Interestingly, the second Sydney airport was announce in April, the month after these results were collated. There is bound to be further interest in Western Sydney now that that announcement has been made, as it is tipped to help create 35,000 jobs by 2035, among many other benefits.
Not surprisingly, given Queensland’s domination, Brisbane City, Northern Brisbane, Inner Brisbane and Southern Brisbane finished third, sixth, seventh and eighth, respectively. Some economists argue that the Campbell Newman Government got most of their big cuts out of the way early in their term and Brisbane should be a huge beneficiary of upcoming spending plans as the next election draws closer.
It was also hardly surprising to see the Gold Coast sitting fifth on the ladder, with the Commonwealth Games coming up in 2018. This major sporting event is expected to inject $2bn into the Gold Coast’s economy. The state government has also budgeted $100m to build infrastructure for the event, which is expected to create thousands of jobs for the region.

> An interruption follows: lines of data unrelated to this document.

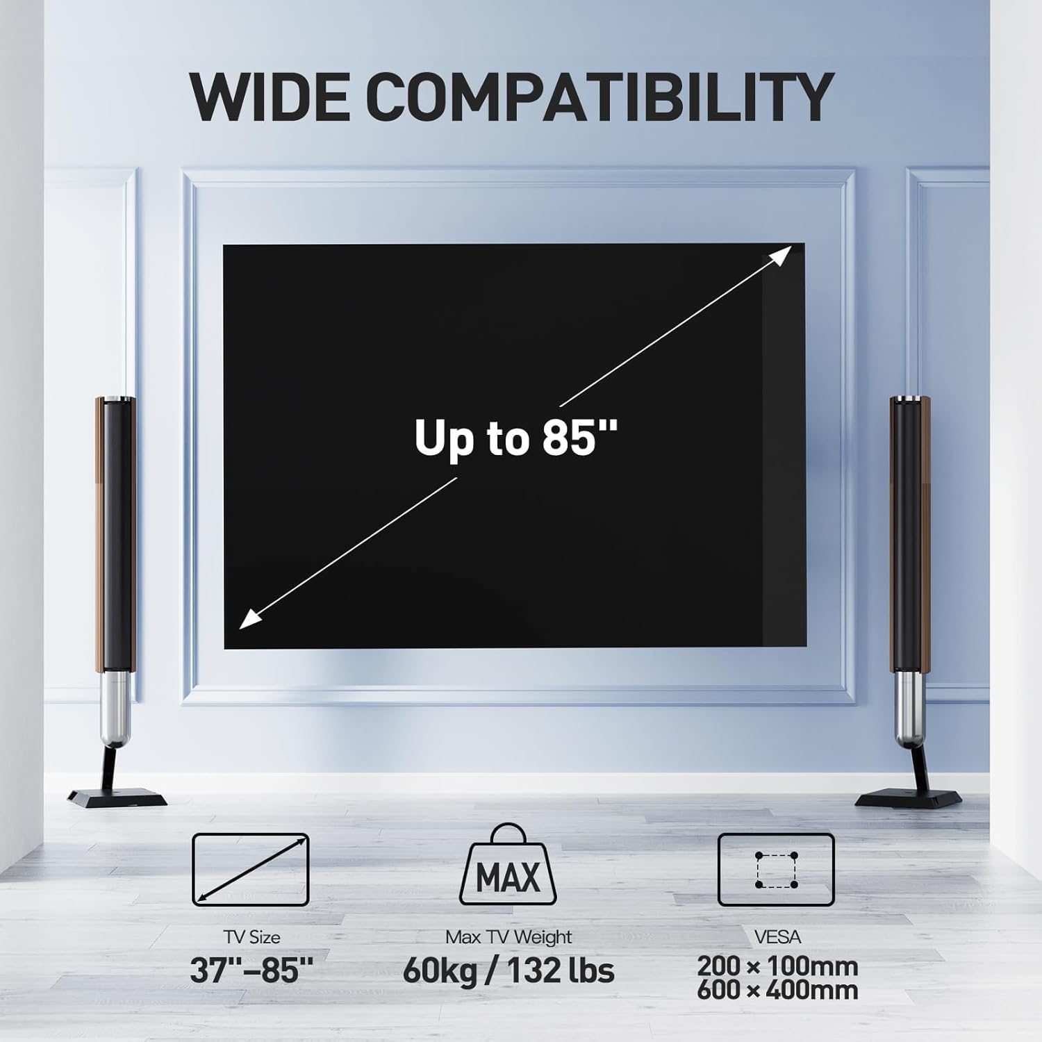 STRONG AND DURABLE TV WALL BRACKET – Experience strength with our TV wall bracket. Designed to accommodate most 37″-85″ (94-216 cm) TVs weighing up to 60 kg, this TV bracket ensures your television remains securely in place. It is compatible with VESA patterns 600×400, 600×200, 500×300, 400×400, 400×300, 400×200, 300×400, 300×300, 300×200, 200×400, 200×300, 200×200, and 200×100 mm. Please remember to verify your TV’s VESA pattern and weight before purchasing this TV wall mount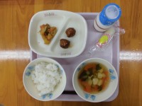 今日の献立は、麦ご飯、牛乳、カレーシチュー、ヒレカツ、ブロッコリーのドレッシング和えです。今日は豚ひき肉を使ったカレーシチューです。ヒレカツは、ご飯とカレーシチューといっしょに、カツカレーのようにしてもおいしく食べられます。ヒレカツは、豚肉のヒレというお腹に近い部位を使ったカツです。豚ヒレ肉は脂身が少なく、あっさりとしていてやわらかいという特徴があります。今日は日差しのいっぱい、放送室の給食風景です。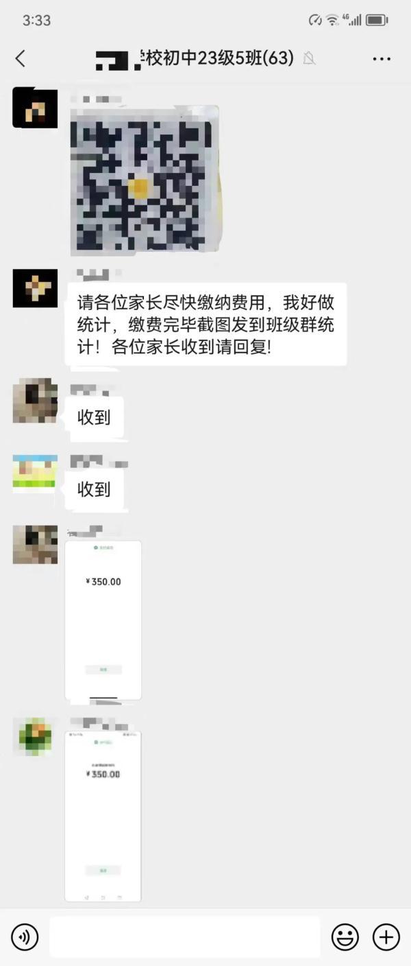 “學校統(tǒng)一財務(wù)二維碼繳費,收到的家長請現(xiàn)在掃碼繳費后將圖發(fā)到群里……”
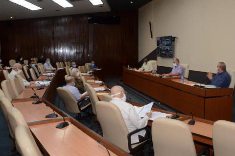 La extensa agenda de la reunión, donde también participaron el vicepresidente de la República, Salvador Valdés Mesa, y todos los viceprimeros ministros, tuvo como primer punto de análisis la presentación por parte del titular de Economía y Planificación, Alejandro Gil Fernández, de los elementos fundamentales que se han definido para llevar a cabo el ajuste del Plan de la Economía del presente año; las indicaciones para elaborar el Plan 2021; y los principales elementos que definen la estrategia económica que seguirá Cuba para enfrentar la situación provocada por la pandemia.
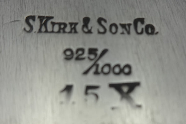 Repousse by Kirk large sterling silver fruit bowl.  It has a fancy monogram on the reverse.  It's marked with #15X and 925/1000, and it dates from 1896-1924.  It measures 2" tall, 10" in diameter, and it weighs 15.4 ozt.  It is in excellent condition.

Queensland’s run of good form continued when it came to the top postcodes searched. The most popular was 4000, which covers the Brisbane Area. It was followed by the Melbourne area (3000), the Sydney area (2000), the Perth area (6000) and the Adelaide area (5000).
This suggests that when people are searching by postcode they are mainly looking at inner-urban areas, as opposed to outer suburbs, mining towns and rural areas.
This is hardly surprising considering the stability of demand in the inner cities, despite their higher price tags.